Platform organization structure

The enterprise application blueprint uses the organization structure that is provided by the enterprise foundation blueprint. The following diagram shows how the enterprise application blueprint projects fit within the structure of the foundation blueprint.

The blueprint projects and folders.

Platform projects

The following table describes the additional projects, beyond those provided by the foundation blueprint, that the application blueprint needs for deploying resources, configurations, and applications.
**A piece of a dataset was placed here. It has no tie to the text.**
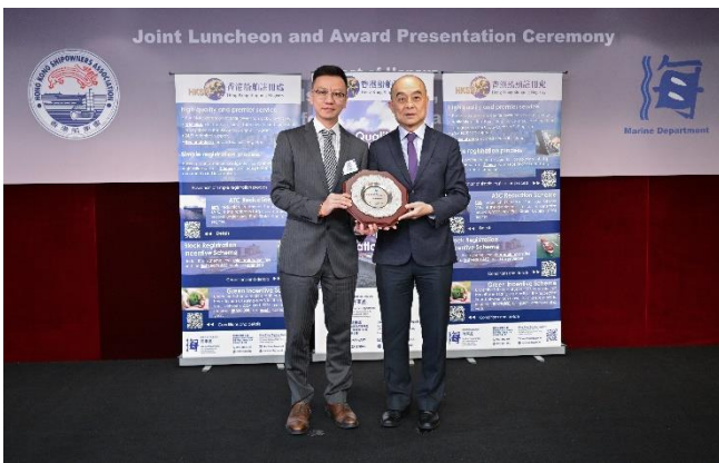
A.P. Moller - Maersk A/S receives the 2026 MD-WMMF ESG Award

Folder Project Description

common

eab-infra-cicd

Contains the multi-tenant infrastructure pipeline to deploy the tenant infrastructure.

eab-app-factory

Contains the application factory , which is used to create single-tenant application architecture and continuous integration and continuous deployment (CI/CD) pipelines. This project also contains the Config Sync that's used for GKE cluster configuration.

eab-{tenant}-cicd

Contains the application CI/CD pipelines, which are in independent projects to enable separation between development teams. There is one pipeline for each application.

development,
nonproduction,
production

eab-gke

Contains the GKE clusters for the developer platform and the logic that is used to register clusters for fleet management.

eab-{tenant}

(1-n)

Contains any single-tenant application services such as databases or other managed services that are used by an application team.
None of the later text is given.